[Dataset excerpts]
***

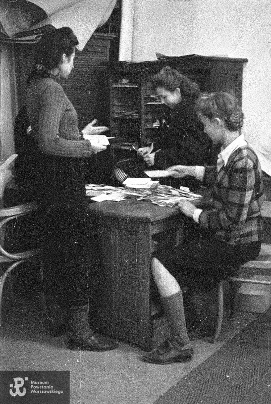 Fotografia z Powstania Warszawskiego. Urzędniczki poczty powstańczej sortujące listy wyjęte ze skrzynek, pracujące w sortowni na terenie Głównej Poczty Polowej przy ul. Świętokrzyskiej 28. Pierwsza od prawej kobieta w kraciastym żakiecie siedzi na krześle przy biurku, na którym leży stos korespondencji. Dwie pozostałe urzędniczki stoją. Pośrodku Danuta Cichocka "Anielka".
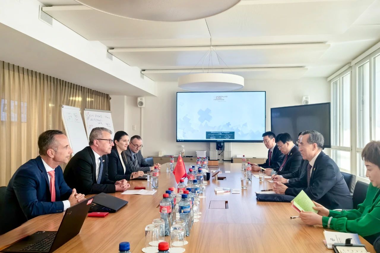 6月19日, 会长任鸿斌在瑞士苏黎世会见瑞中经济协会主席魏希霆,双方就在新发展阶段持续深化两机构合作、推动中瑞工商界交流互动及链博会等议题进行了友好交流。之后,任鸿斌还会见了瑞士贸易与投资署全球网络与机构关系总监斯特凡·巴尔尼。
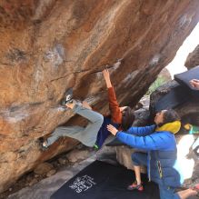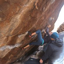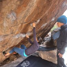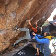 Blue Lizard Climbing and Yoga Hueco Tanks guiding on January 1, 2023, with Christian, Ellia, Micah, and Yoli |
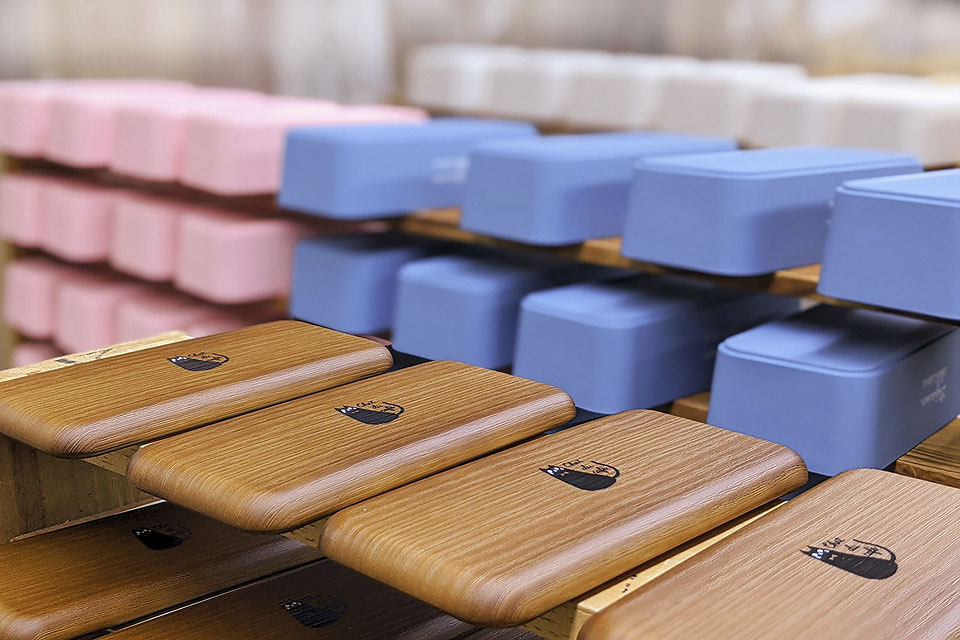 山中塗の産地特性を活かし、主にウレタン塗料の吹付け塗装により着色します。
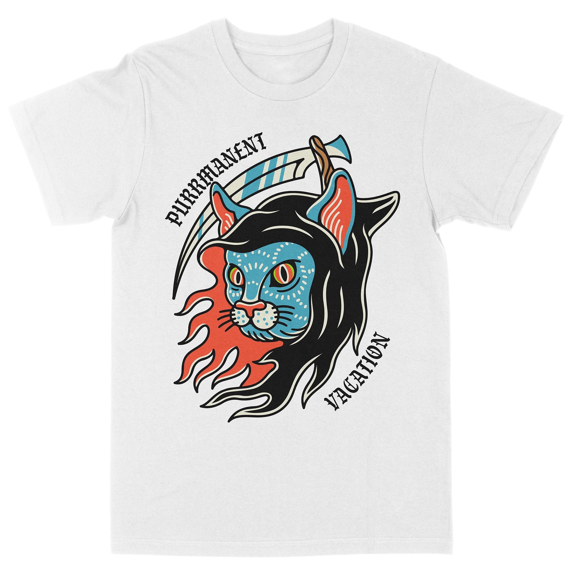This traditional tattoo-inspired design features a grim reaper cat t-shirt with the words Purr-manent Vacation written on the shirt. This tattoo t-shirt is printed on super soft black and white unisex t-shirts.
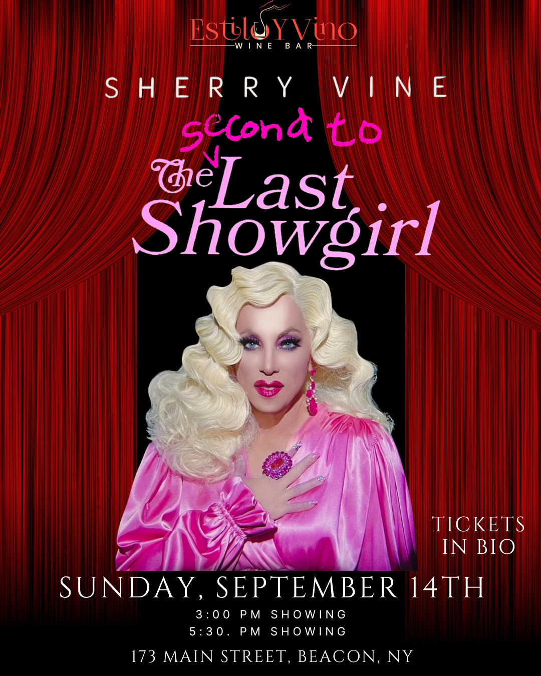 Get ready for a fabulous night at Estilo y Vino with the legendary Miss Sherry Vine! ✨ Sip on our carefully curated wines, indulge in delicious tapas, and enjoy an unforgettable drag show that will keep you entertained all day long. 🍷🍴👑 We’ve got two showtimes so you can catch the magic at the perfect hour. This one's for the grown-ups who know how to sip and serve 🍇🥂 👉 Follow us on Instagram for all updates and details @estiloyvinowinebar
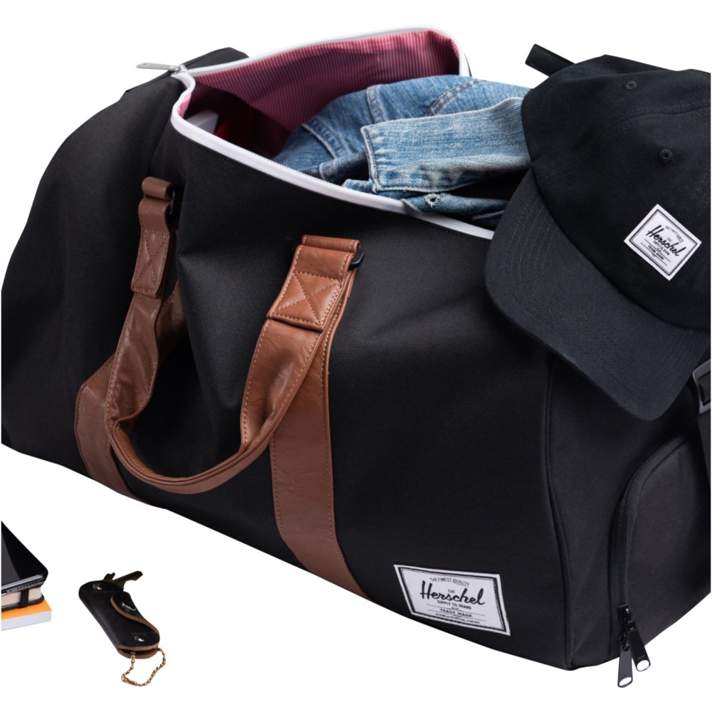 A tökéletes útitáskát keresed? A Herschel Novel táska a tiéd. Masszív tartósságra és intelligens szervezésre tervezték, és jellegzetes cipőrekesszel rendelkezik. A 100%-ban újrahasznosított EcoSystem szövetekből szakértelemmel készített táska kényelmesen elfér a repülőgépek fej feletti csomagtartójában is, így tökéletes útitárs. A 600D anyagot átgondoltan 100%-ban újrahasznosított vizespalackokból alakították ki, míg a vízálló cipzáras zárás biztosítja az értékes alapvető dolgok védelmét. Ez a táska vegán bőrből készült fogantyúval és levehető, sima hevederes vállpánttal rendelkezik, amely EVA párnázással van ellátva a kényelmes hordozás érdekében. A Herschel Novel táska egy külső zsebbel is rendelkezik, amely lehetővé teszi, hogy könnyedén rendszerezze és hozzáférjen holmijaihoz. A 43 literes térfogatának köszönhetően tökéletes útitárs a következő kalandodhoz. Emblémázás: Szitanyomás
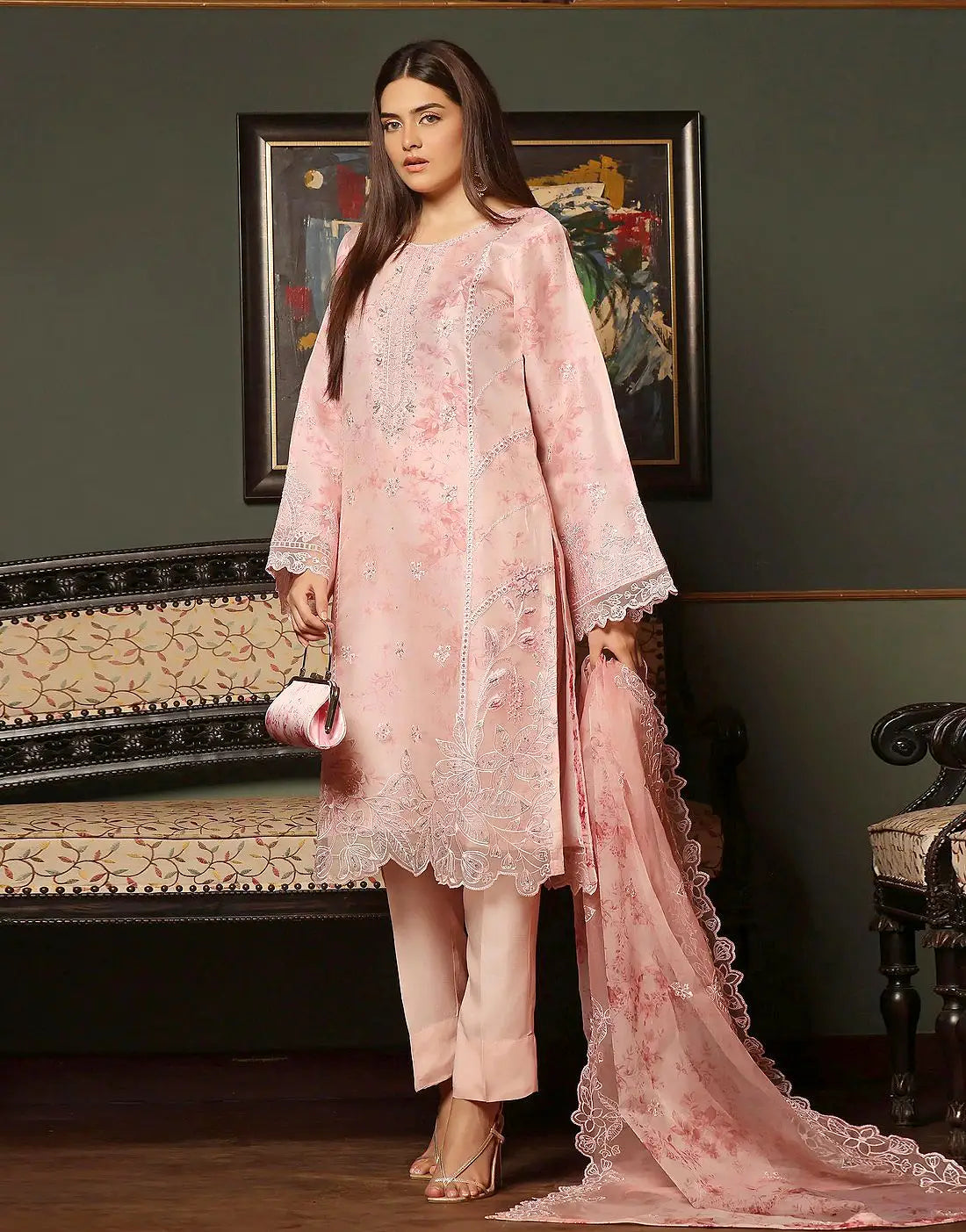 - Dupatta: Ready-to-Wear Digital Print Embroidered Organza Dupatta
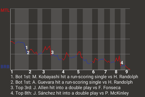 2 (2, 3rd Inning off H. Randolph, 1 on, 2 outs; 5th Inning off H. Randolph, 1 on, 1 out)

***

__What needs to be done__. Copy out the lines above from the line containing "Blue Lizard Climbing" through the line containing "This traditional tattoo-inspired", exactly, and keep the pictures out.

__Response box__.
 Blue Lizard Climbing and Yoga Hueco Tanks guiding on January 1, 2023, with Christian, Ellia, Micah, and Yoli |
 山中塗の産地特性を活かし、主にウレタン塗料の吹付け塗装により着色します。
This traditional tattoo-inspired design features a grim reaper cat t-shirt with the words Purr-manent Vacation written on the shirt. This tattoo t-shirt is printed on super soft black and white unisex t-shirts.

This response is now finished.